Input material
▼▼▼
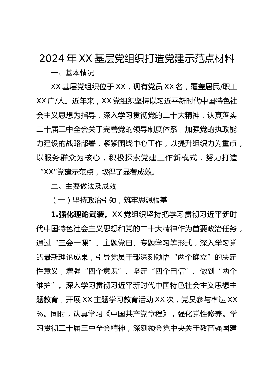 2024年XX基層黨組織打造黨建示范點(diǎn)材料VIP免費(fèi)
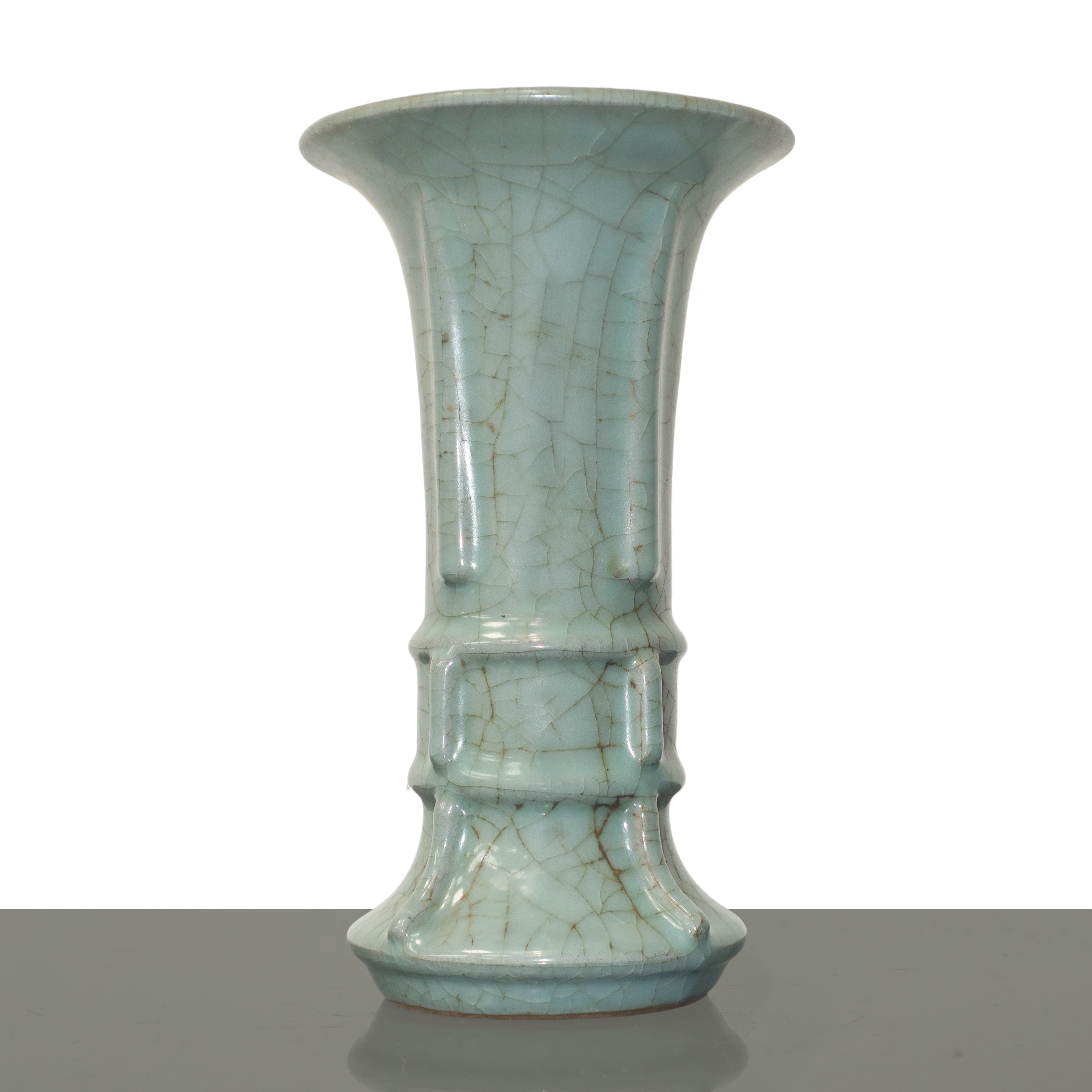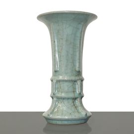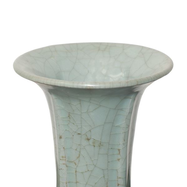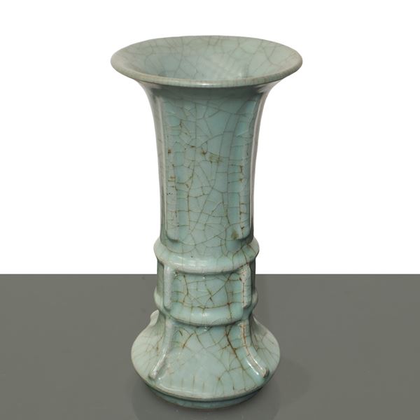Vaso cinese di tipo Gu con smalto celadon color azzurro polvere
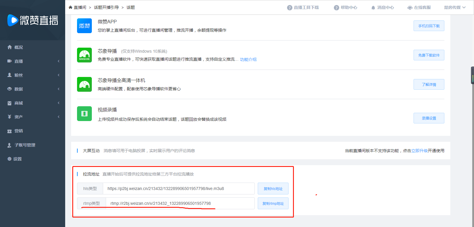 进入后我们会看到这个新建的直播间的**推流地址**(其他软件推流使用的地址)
▲▲▲
▼▼▼
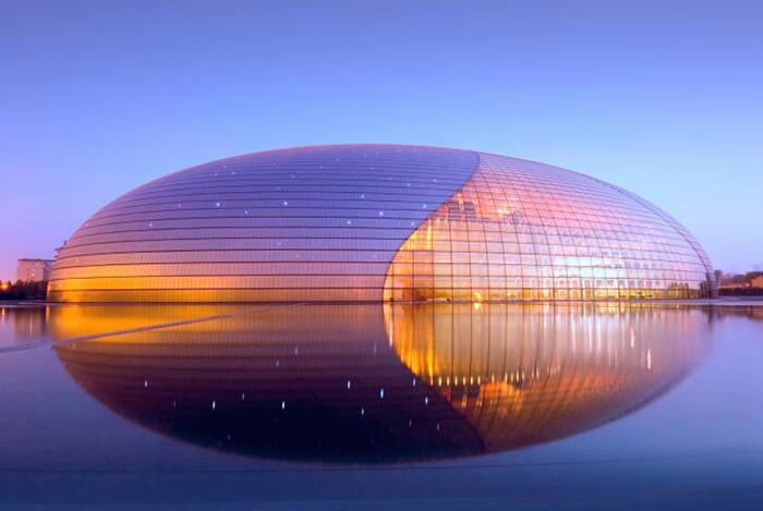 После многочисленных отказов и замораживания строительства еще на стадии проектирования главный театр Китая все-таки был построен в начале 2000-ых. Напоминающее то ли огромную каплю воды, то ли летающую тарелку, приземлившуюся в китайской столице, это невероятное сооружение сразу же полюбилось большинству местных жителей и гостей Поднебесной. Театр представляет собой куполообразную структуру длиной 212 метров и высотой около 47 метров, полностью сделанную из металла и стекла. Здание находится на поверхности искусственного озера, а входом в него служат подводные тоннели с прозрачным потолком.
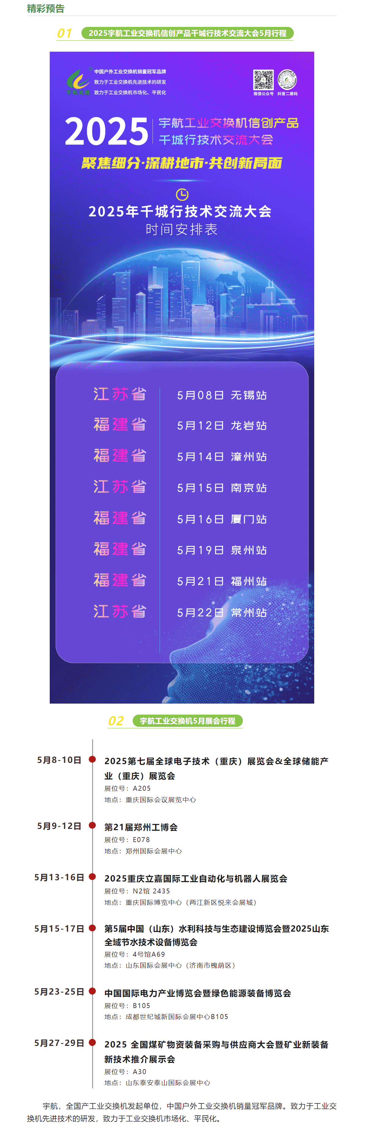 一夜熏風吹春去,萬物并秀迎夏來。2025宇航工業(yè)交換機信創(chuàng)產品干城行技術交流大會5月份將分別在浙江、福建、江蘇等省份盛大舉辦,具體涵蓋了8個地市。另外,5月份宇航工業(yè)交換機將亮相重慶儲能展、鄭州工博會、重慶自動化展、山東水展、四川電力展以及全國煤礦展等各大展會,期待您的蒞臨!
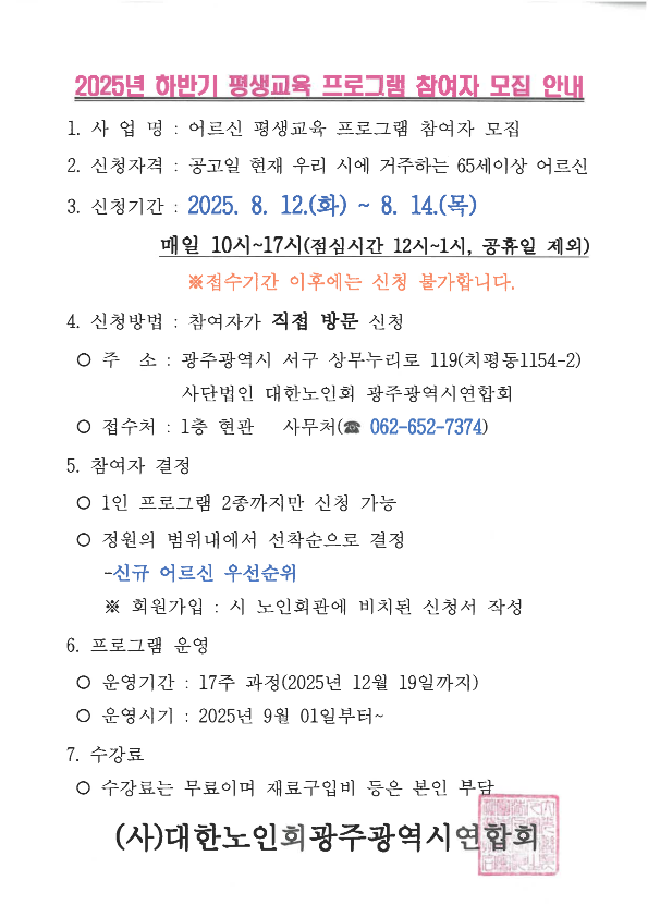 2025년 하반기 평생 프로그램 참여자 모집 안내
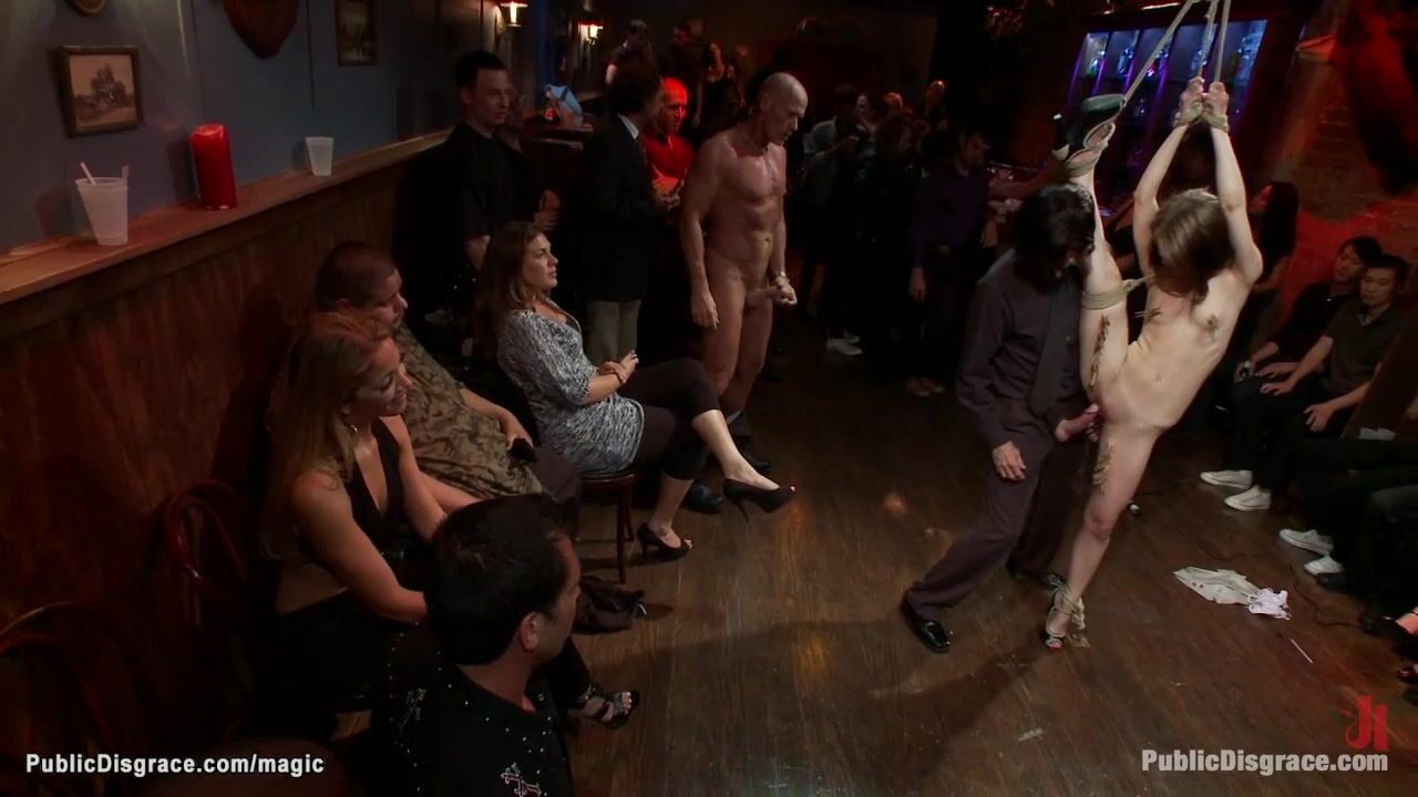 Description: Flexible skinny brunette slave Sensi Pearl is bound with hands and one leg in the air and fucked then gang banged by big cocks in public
▲▲▲
▼▼▼
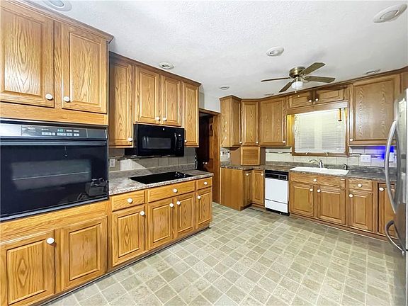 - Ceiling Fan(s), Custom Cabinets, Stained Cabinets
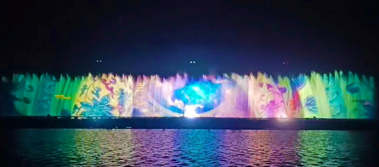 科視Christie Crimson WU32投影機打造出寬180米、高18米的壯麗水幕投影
▲▲▲
Your instructions
Set down exactly the lines above, from the line containing "2024年XX基層黨組織打造黨建示范點(diǎn)材料VIP免費(fèi)" through the line containing "进入后我们会看到这个新建的直播间的**推流地址**(其他软件推流使用的地址)". Skip the pictures.

Solution for this problem
 2024年XX基層黨組織打造黨建示范點(diǎn)材料VIP免費(fèi)
Vaso cinese di tipo Gu con smalto celadon color azzurro polvere
 进入后我们会看到这个新建的直播间的**推流地址**(其他软件推流使用的地址)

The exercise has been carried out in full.